▶ EXERCISE AIM
Copy out exactly the lines spanning the line with "Volkswagen THE BEETLE" to the line with "The highlight of", inclusive, from the data underneath, with no pictures.

▶ DATA FOR THE TASK
* * * * * * *
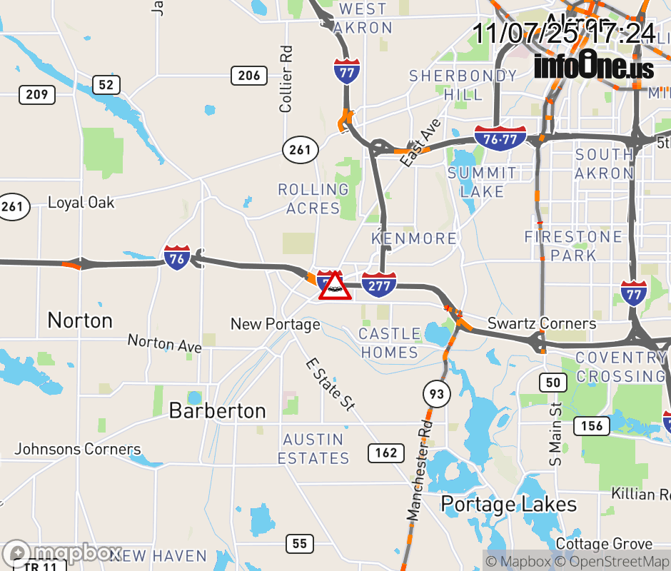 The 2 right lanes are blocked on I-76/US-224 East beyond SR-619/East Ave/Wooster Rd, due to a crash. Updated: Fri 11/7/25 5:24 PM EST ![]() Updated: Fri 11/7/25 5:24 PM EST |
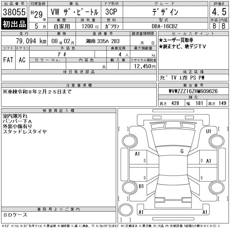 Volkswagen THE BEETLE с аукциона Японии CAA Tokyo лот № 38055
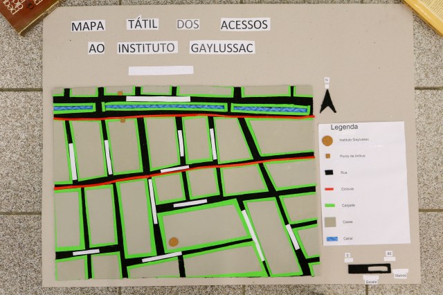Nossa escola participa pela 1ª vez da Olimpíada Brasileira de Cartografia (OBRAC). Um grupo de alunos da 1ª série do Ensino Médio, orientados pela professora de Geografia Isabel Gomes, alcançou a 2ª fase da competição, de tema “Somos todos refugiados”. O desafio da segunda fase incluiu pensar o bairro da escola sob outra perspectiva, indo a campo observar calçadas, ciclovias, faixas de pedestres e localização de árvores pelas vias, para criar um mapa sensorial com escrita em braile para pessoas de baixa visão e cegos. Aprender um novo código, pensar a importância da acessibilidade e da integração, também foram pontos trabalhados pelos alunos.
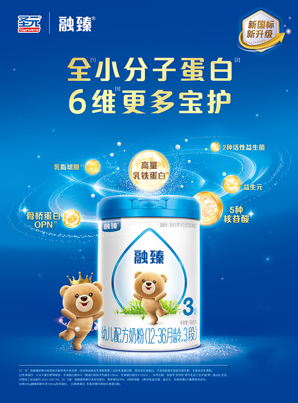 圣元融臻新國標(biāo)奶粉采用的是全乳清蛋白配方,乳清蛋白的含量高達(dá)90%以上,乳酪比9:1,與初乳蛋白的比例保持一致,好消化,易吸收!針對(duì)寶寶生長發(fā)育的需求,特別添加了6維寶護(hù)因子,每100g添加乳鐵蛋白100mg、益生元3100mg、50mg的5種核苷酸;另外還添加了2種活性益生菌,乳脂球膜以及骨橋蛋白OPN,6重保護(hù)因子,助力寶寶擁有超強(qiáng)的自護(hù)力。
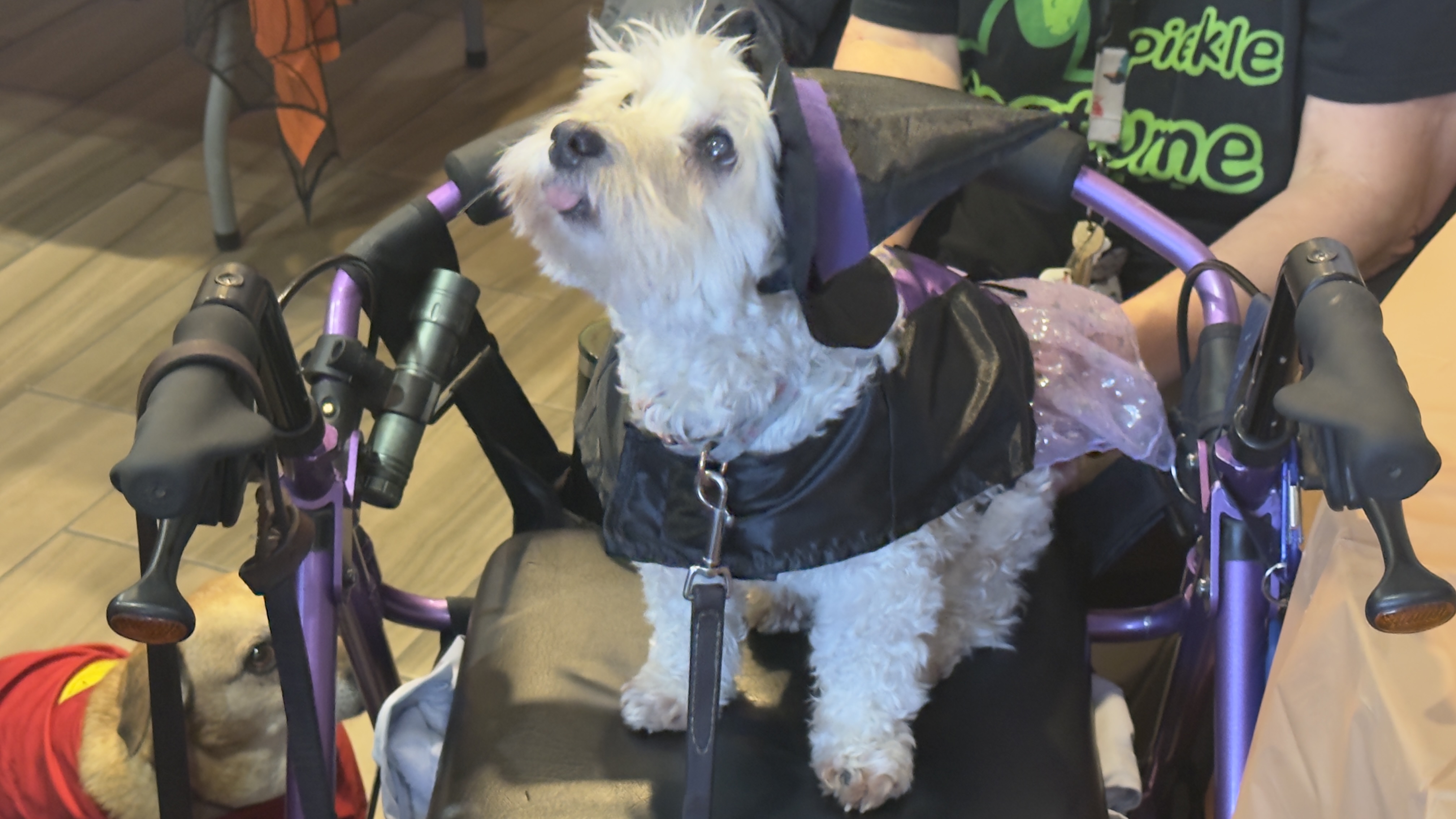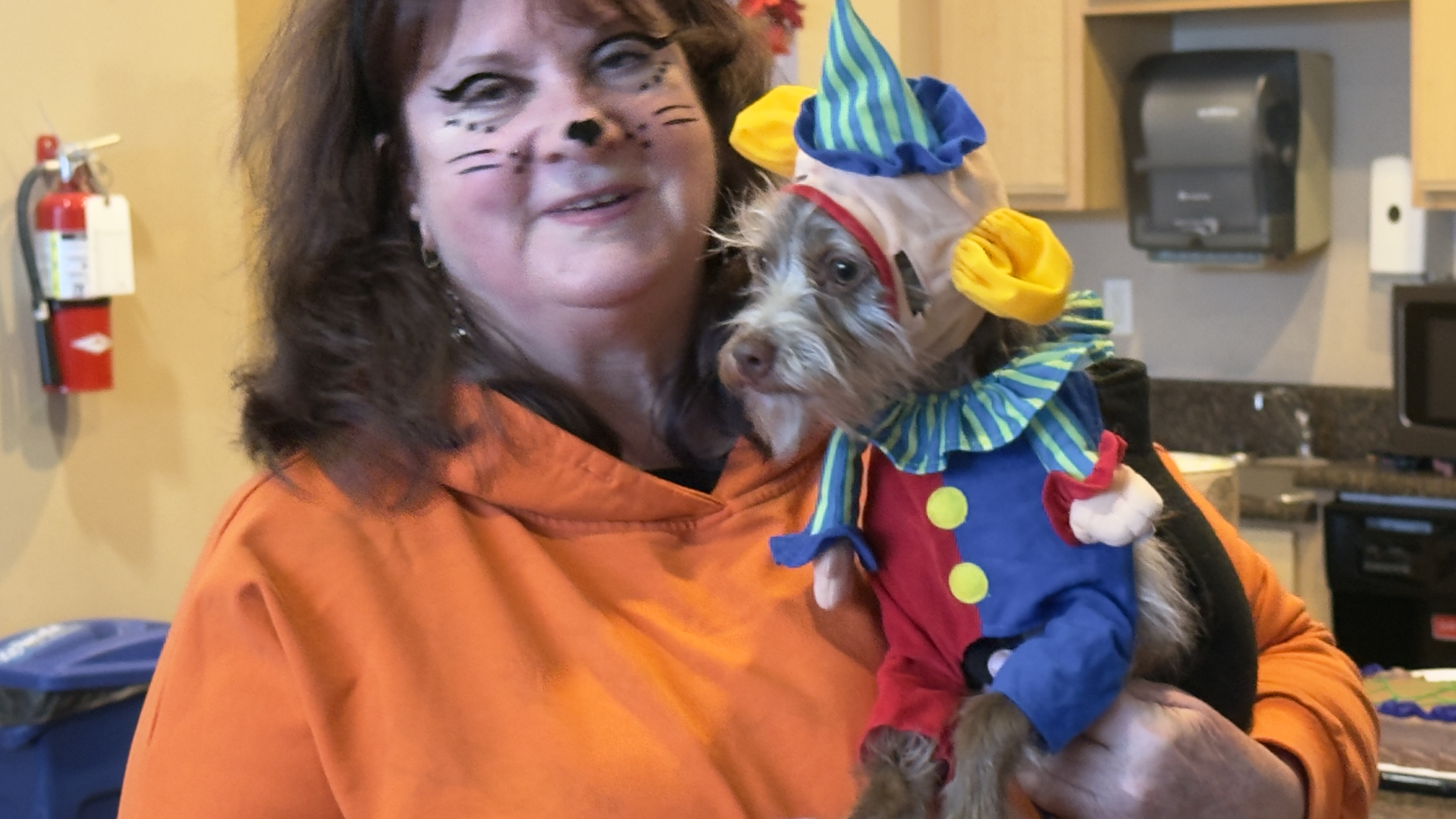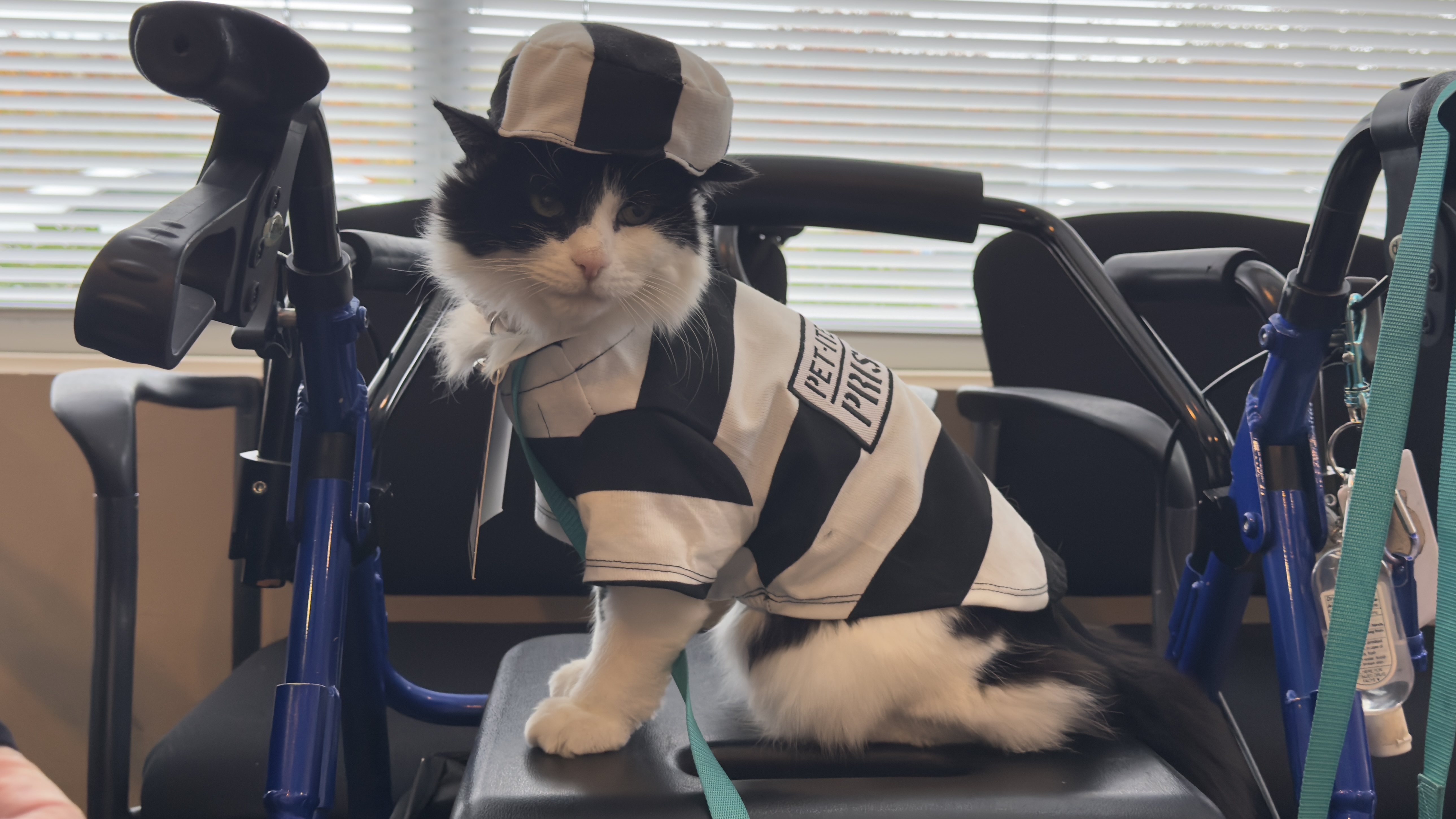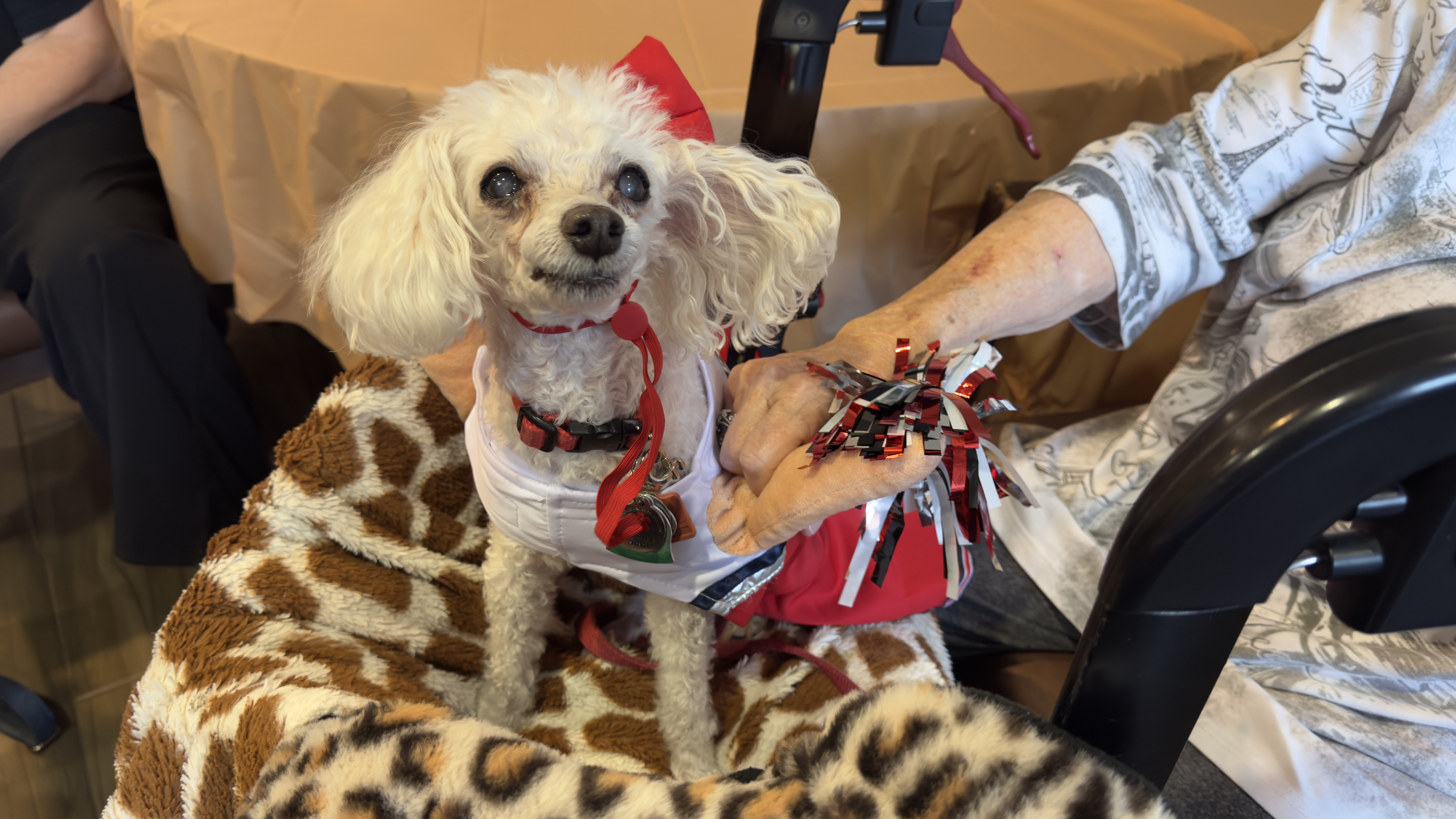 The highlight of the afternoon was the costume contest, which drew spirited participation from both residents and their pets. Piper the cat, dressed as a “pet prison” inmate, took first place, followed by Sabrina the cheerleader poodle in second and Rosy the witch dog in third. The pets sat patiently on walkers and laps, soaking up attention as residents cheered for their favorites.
* * * * * * *
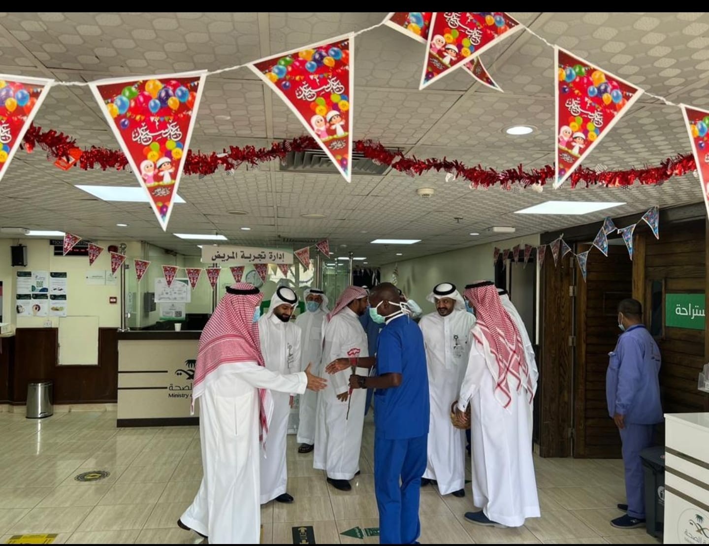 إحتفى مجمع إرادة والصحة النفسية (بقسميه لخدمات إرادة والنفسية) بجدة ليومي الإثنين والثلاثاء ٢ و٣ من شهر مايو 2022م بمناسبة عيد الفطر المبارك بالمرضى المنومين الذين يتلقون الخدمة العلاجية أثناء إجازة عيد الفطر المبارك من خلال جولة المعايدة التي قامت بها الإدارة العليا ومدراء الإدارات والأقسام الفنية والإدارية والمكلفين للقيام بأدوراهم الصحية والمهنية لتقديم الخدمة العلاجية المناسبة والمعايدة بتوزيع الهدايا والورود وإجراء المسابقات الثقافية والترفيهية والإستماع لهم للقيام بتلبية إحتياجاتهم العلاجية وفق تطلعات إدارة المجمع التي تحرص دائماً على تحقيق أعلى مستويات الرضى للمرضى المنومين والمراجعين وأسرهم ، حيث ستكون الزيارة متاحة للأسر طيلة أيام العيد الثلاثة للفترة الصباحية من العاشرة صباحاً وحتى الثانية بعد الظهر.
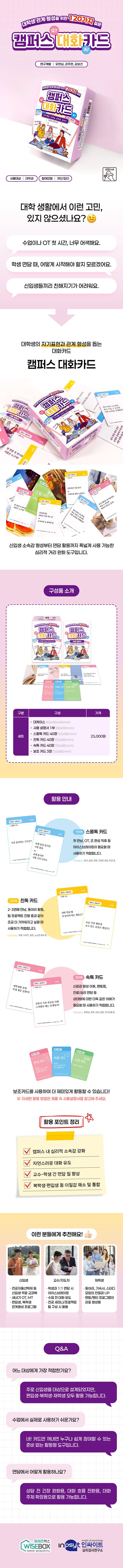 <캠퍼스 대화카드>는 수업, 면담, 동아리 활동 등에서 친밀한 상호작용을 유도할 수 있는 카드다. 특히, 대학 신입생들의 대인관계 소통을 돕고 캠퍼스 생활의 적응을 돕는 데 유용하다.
* * * * * * *
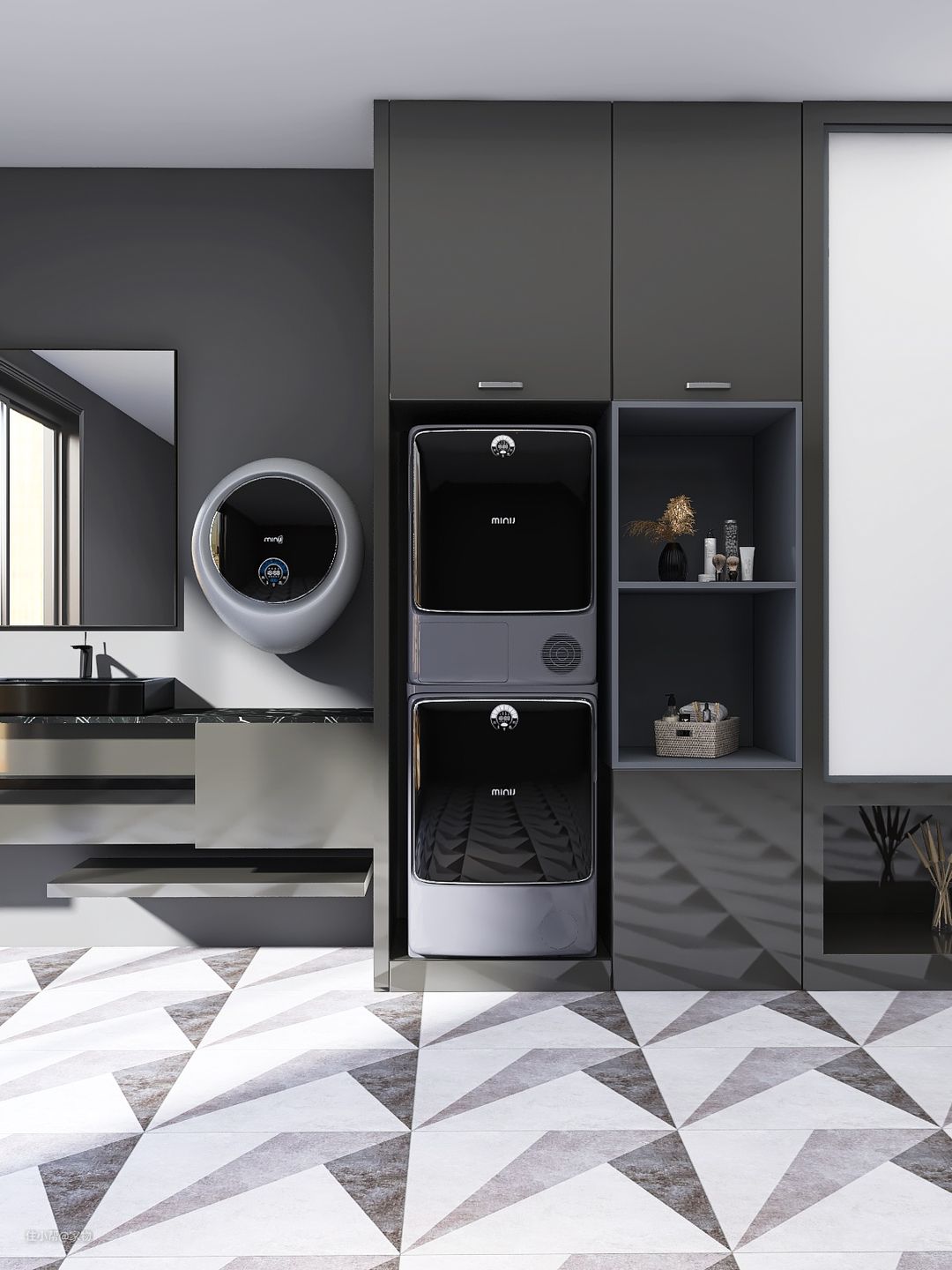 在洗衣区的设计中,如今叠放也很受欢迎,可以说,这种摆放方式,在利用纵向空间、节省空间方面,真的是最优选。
* * * * * * *
▶ SOLUTION FOR THIS EXERCISE
 Volkswagen THE BEETLE с аукциона Японии CAA Tokyo лот № 38055
Nossa escola participa pela 1ª vez da Olimpíada Brasileira de Cartografia (OBRAC). Um grupo de alunos da 1ª série do Ensino Médio, orientados pela professora de Geografia Isabel Gomes, alcançou a 2ª fase da competição, de tema “Somos todos refugiados”. O desafio da segunda fase incluiu pensar o bairro da escola sob outra perspectiva, indo a campo observar calçadas, ciclovias, faixas de pedestres e localização de árvores pelas vias, para criar um mapa sensorial com escrita em braile para pessoas de baixa visão e cegos. Aprender um novo código, pensar a importância da acessibilidade e da integração, também foram pontos trabalhados pelos alunos.
 圣元融臻新國標(biāo)奶粉采用的是全乳清蛋白配方,乳清蛋白的含量高達(dá)90%以上,乳酪比9:1,與初乳蛋白的比例保持一致,好消化,易吸收!針對(duì)寶寶生長發(fā)育的需求,特別添加了6維寶護(hù)因子,每100g添加乳鐵蛋白100mg、益生元3100mg、50mg的5種核苷酸;另外還添加了2種活性益生菌,乳脂球膜以及骨橋蛋白OPN,6重保護(hù)因子,助力寶寶擁有超強(qiáng)的自護(hù)力。
 The highlight of the afternoon was the costume contest, which drew spirited participation from both residents and their pets. Piper the cat, dressed as a “pet prison” inmate, took first place, followed by Sabrina the cheerleader poodle in second and Rosy the witch dog in third. The pets sat patiently on walkers and laps, soaking up attention as residents cheered for their favorites.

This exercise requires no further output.